Primates: an introduction

Definition of a primate; primates as vertebrates; primates as mammals; humans as primates; allometric peculiarities of primates; classification problems; dietary generalisations.

Definition of a primate

From Martin's chapter in Wood et al. 1986. (OHP of primate skeleton)

Like many definition, the definition of what makes a primate (as opposed to a rodent, or a carnivore etc.) is complex. There is little argument as to the core groups of animals today that are primates as I will be illustrating later, but as one goes back in the fossil record, there is more dissension. Still, a purely descriptive definition is needed as a starting point:

Unguiculate, claviculate, placental mammals, with orbits encircled by bone; three kinds of teeth, at least at one time of life; brain always with a posterior lobe and calcarine fissure; the innermost digit of at least one pair of extremities opposable; hallux with a flat nail or none; a well developed caecum; penis pendulous; testes scrotal; always two pectoral mammae. (Mivart 1873)

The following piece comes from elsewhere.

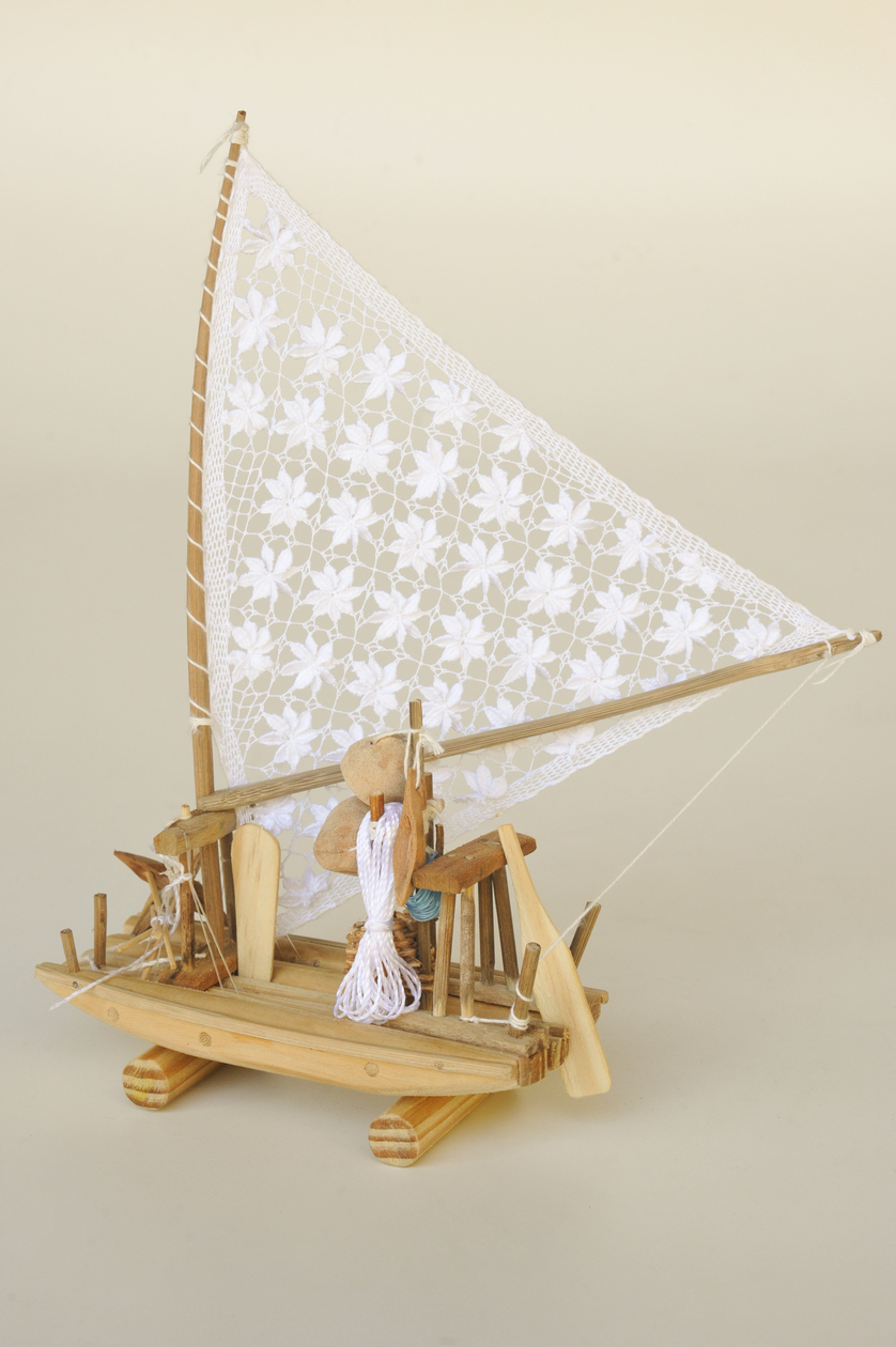 O “Adorno – Jangada com Vela em Renda” é uma peça artesanal única, esculpida à mão com detalhes em renda que compõem a vela. A peça simboliza a tradição e a vida dos pescadores, unindo a rusticidade da jangada com a delicadeza da renda, trazendo um toque de autenticidade e beleza natural à decoração.

* Unguiculate - possessing nails, hooves or claws

* Claviculate - possessing a clavicle (collar bone)

This has been brought up to date with little change by Le Gros Clark 1959:

Le Gros Clark's definition

1. Preservation of generalised limb structure with primitive pentadactyly.

Describe primitive pentadactyly limb (3 girdle bones; 1 upper limb bone; 2 lower limb bones; carpals/tarsals; meta-carpals/tarsals; phalanges), and how various other mammalian orders have lost various bones (especially fusing the lower limb bones).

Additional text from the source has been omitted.